What do I need to pay attention to when creating an index?

12. Do indexed queries always improve query performance? why

13. How to delete data of millions level or above

Prefix index

What is the leftmost prefix rule? What is the leftmost matching principle

16, The difference between B tree and B+ tree

17. Advantages of using B trees

18. Benefits of using B+ trees

19. What’s the difference between a Hash index and a B+ tree?

20. Why do databases use B+ trees instead of B trees

21. B+ tree does not need to query data back to the table when it meets the requirements of clustered index and overwritten index.

22, What is clustering index? When to use clustered and non-clustered indexes

23, Non-clustered index must be back to the table query?

What is a federated index? Why do I care about the order in a federated index?

What is an index?

Indexes are special files (indexes on InnoDB tables are part of the table space) that contain Pointers to all the records in the table.

An index is a data structure. A database index is a sorted data structure in a database management system to help query and update data in a database table quickly. Indexes are usually implemented using B trees and their variant B+ trees.

More generally, an index is a table of contents. In order to facilitate the search of the contents of the book, through the content of the index to form a catalog. An index is a file that occupies physical space.

2. What are the advantages and disadvantages of indexes?

Advantages of indexes

(1) It can greatly accelerate the speed of data retrieval, which is also the main reason for creating indexes.

(2) Through the use of index, can be in the query process, the use of optimization hide, improve the performance of the system.

Disadvantages of indexes

(1) Time: it takes time to create and maintain indexes. Specifically, when adding, deleting and modifying data in tables, indexes also need to be maintained dynamically, which will reduce the efficiency of adding, changing, and deleting data.

(2) Space: the index needs to occupy physical space.

3. Index Usage Scenarios (key points)

where


In the figure above, the record is queried by ID. Because the ID field is only the primary key index, this SQL execution can select only the primary key index. If there are more than one, it will eventually select the better one as the basis for the retrieval.

Altertable innodb1 add sex char(1); altertable innodb1 add sex char(1); NullEXPLAINSELECT *from Innodb1where sex='male';Copy the code

Alter table add index(alter table name add index(alter table name add index(alter table name add index(alter table name add index(alter table name add index(alter table name add index(alter table name add index(alter table name add index)))

order by

When we use order BY to sort the query results by a field, if the field is not indexed, then the execution plan will use external sort for all the queried data. This operation can affect performance. Because all the data involved in the query needs to be read from disk to memory (if a single data is too large or too much data will reduce efficiency), let alone the sorting after reading to memory.

However, if we create an index for this field alter table add index(field name), then because the index itself is ordered, so directly according to the order of the index and mapping relationship can be fetched one by one. And if paging, then only the index in a range of the index table corresponding to the data, rather than fetching all the data to sort and return a range of data as described above. (Fetching data from disk is the most performance critical)

join

It is efficient to index the fields involved in the join statement matching relation (ON)

Indexes cover

If the fields to be queried are all indexed, the engine will query directly in the index table without accessing the raw data (otherwise, it will do a full table scan whenever a field is not indexed), which is called index overwrite. Therefore, we need to write only the necessary query fields after the select as much as possible to increase the chance of index coverage.

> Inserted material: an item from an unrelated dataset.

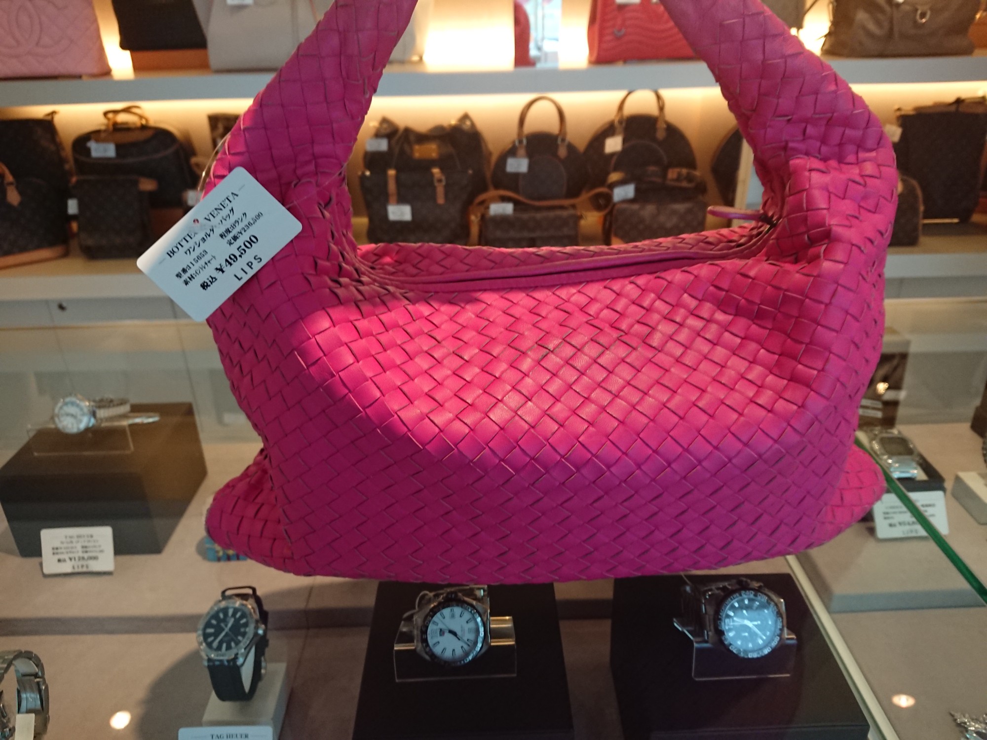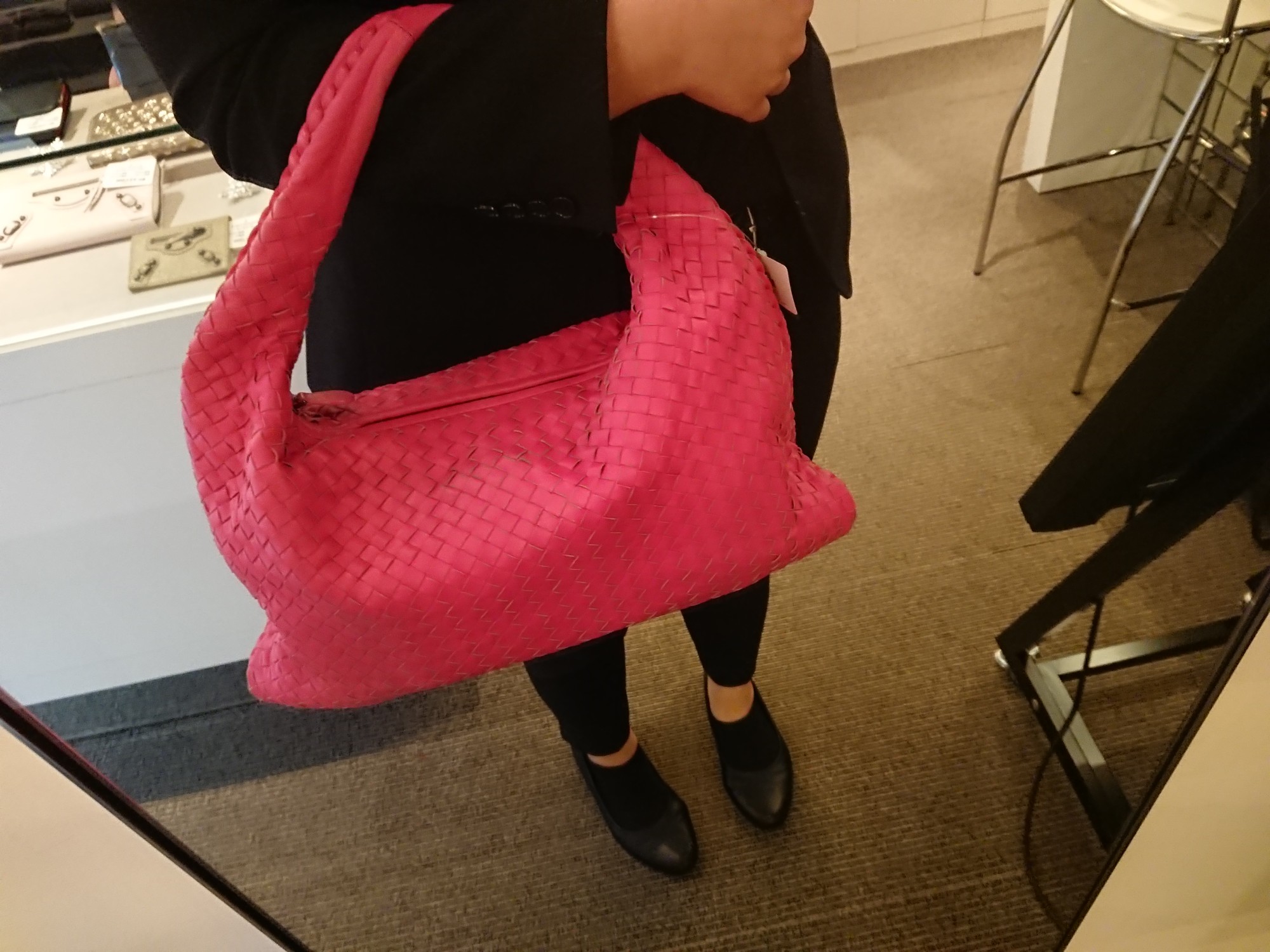ボッテガヴェネタの代名詞とも言えるイントレチャートが施されたバッグです。大人な高級素材に可愛いピンクが素敵です。

It’s worth noting here that you don’t want to index every field, because the advantage of using indexes in preference is their small size.

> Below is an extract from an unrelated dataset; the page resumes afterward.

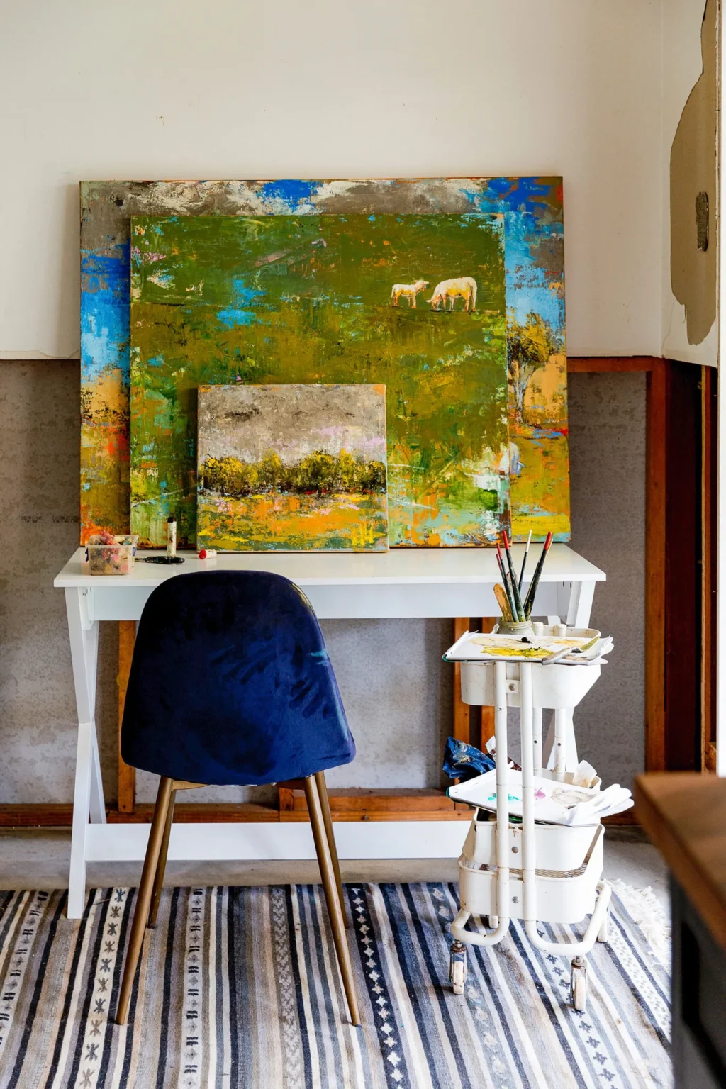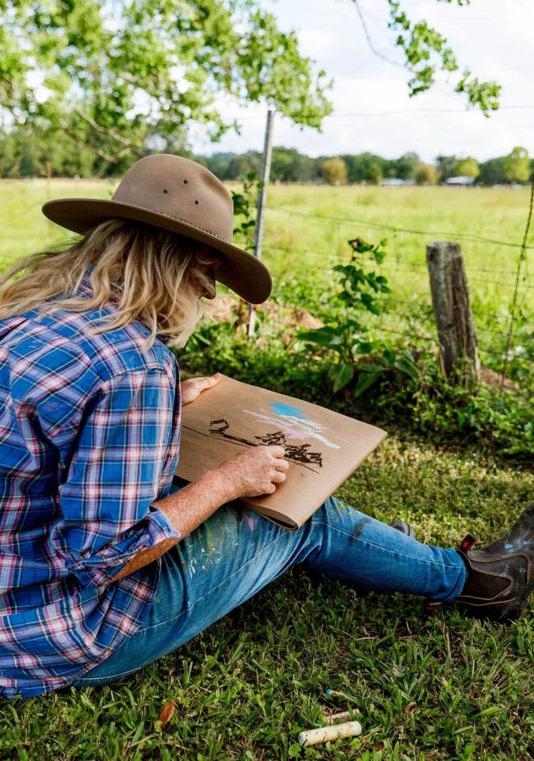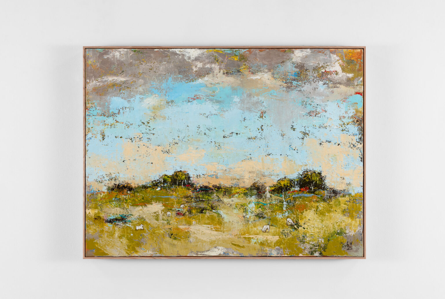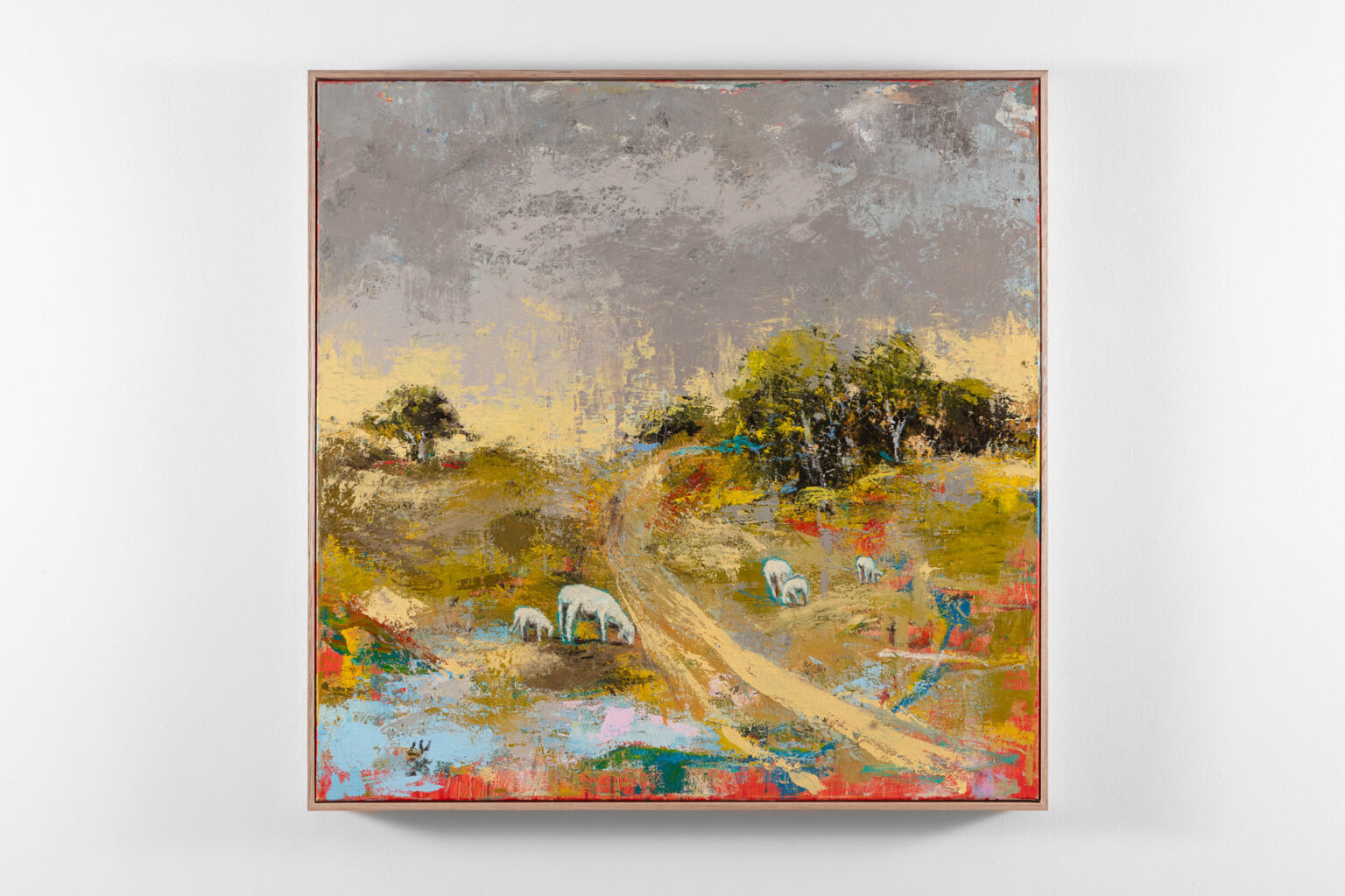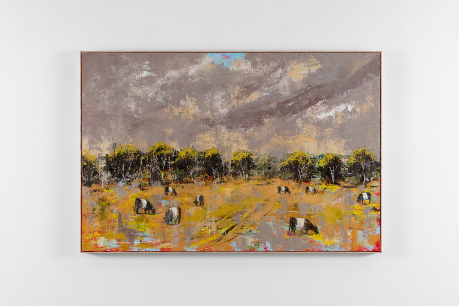 In this latest body of work, the Northern Rivers-based painter deepens her iconoclastic approach to the pastoral tradition. Weather Report gathers landscapes that seem to roil with shifting skies, rain-washed light, and sudden bursts of colour. Fields and paddocks stretch into distance, yet beneath their bucolic calm, Vader coaxes forth surges of painterly energy: skies dissolving into painterly abstraction, horizons blurred in atmospheric veils, unexpected eruptions of yellow, blue, and pink coursing through the scene like weather systems of their own.

4. What are the types of indexes?

Primary key index: 

Columns cannot duplicate or be NULL, and a table can have only one primary key.

Unique index: 

Data columns are not allowed to duplicate and NULL values are allowed. A table allows multiple columns to create unique indexes.

ALTER TABLE table_name ADD UNIQUE (column); Create a unique index

ALTER TABLE table_name ADD UNIQUE (column1,column2); Create a unique composite index

Common index: 

The basic index type, which has no restriction on uniqueness, can be NULL.

ALTER TABLE table_name ADD INDEX index_name (column); Creating a normal index

ALTER TABLE table_name ADD INDEX index_name(column1, column2, column3); Create composite indexes

Full-text index: 

It is a key technology used by search engines at present.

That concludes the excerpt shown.